Perhaps even more disturbing, a pro-life club at the University of Calgary has been threatened with fines and academic sanctions for the placement of a graphic photo display. Its “Genocide Awareness Project” includes images from the Holocaust alongside those of aborted fetuses. It has been shown at the university in the past, but the club has now been told to place the images inward at their display, so that they can be seen only by those who wish to see them.
The problems that some pro-life groups face in getting official standing relate to a resolution passed by the Canadian Federation of Students several years ago that encourages a “pro-choice” policy for all student clubs recognized by campus student unions. The League has written extensively about these denials of status as they occurred, and we were happy to provide some advice and financial support to a Toronto group when a debate they had already paid for was cancelled and then re-scheduled following public outcry. The attempt to silence one side of what continues to be a very contentious social issue is a basic free speech issue.
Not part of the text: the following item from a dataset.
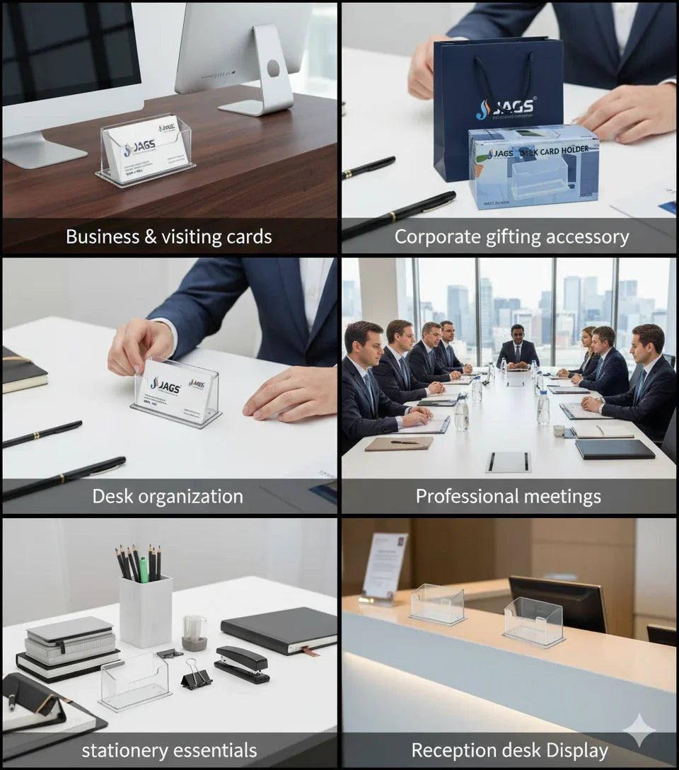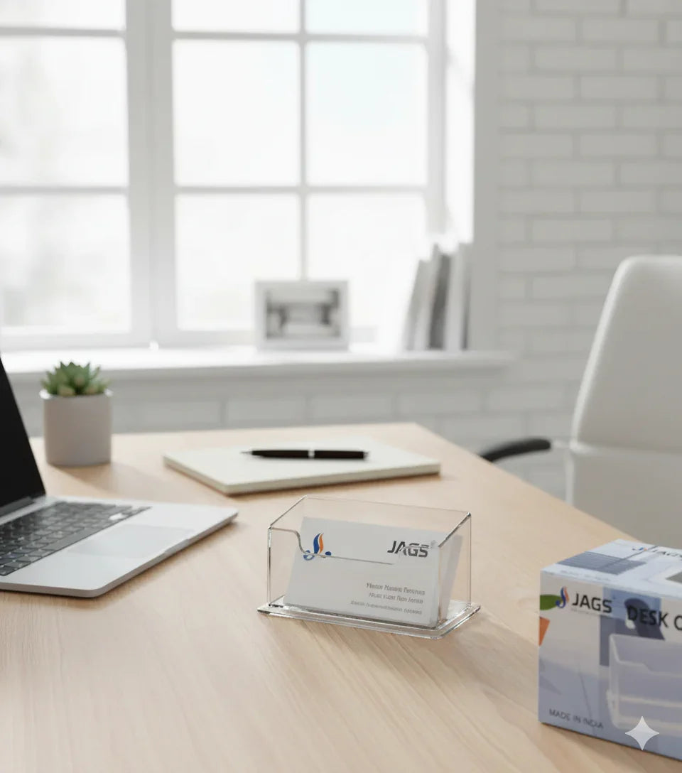 Keywords : Desk card holder, Jags card holder, JDBC00 model, Business card organizer, Office desk accessory, Card display stand, Name card holder, Professional desk organizer.Model JDBC00, Sleek and compact design, Sturdy wooden construction, Keeps cards organized $\&$ visible, Perfect for office, reception, or home desk, Professional and aesthetic look, Durable $\&$ smooth finish.

No university should allow such one-sidedness.
Those decisions were made by students about the clubs of other students. The threat of sanctions in Calgary, however, is coming from administration. To be sure, the use of graphic images is a divisive issue even within the pro-life movement. Those who use them are deeply convinced that it is important to portray the end result of abortions, and some of them believe that analogies with the Holocaust are appropriate because both involve the dehumanization of life. Others, just as opposed to abortion, believe that these images are as off-putting to the pro-life cause as they are distressing to view, and that the analogy to the Holocaust is inaccurate and insensitive.
Regardless of one’s viewpoint about the use of this imagery, as a free speech issue such displays should be allowed to go ahead on an equal footing with the displays of other groups. The threat of arrest, fines and academic sanctions is particularly inappropriate. The university is a tax-funded institution that should be committed to the equal expression of all views. Pro-life clubs that meet all other requirements for accreditation are entitled to their share of student activity fees and meeting space.
The mindset that allows this type of censorship to go on is certainly not inconsistent with what we have seen in the application of human rights codes in free speech cases. The League hopes that the repeal or significant re-interpretation of Section 13, which so many have called for in recent weeks, will help create a climate where all viewpoints are treated equally, especially in schools and other tax-funded institutions.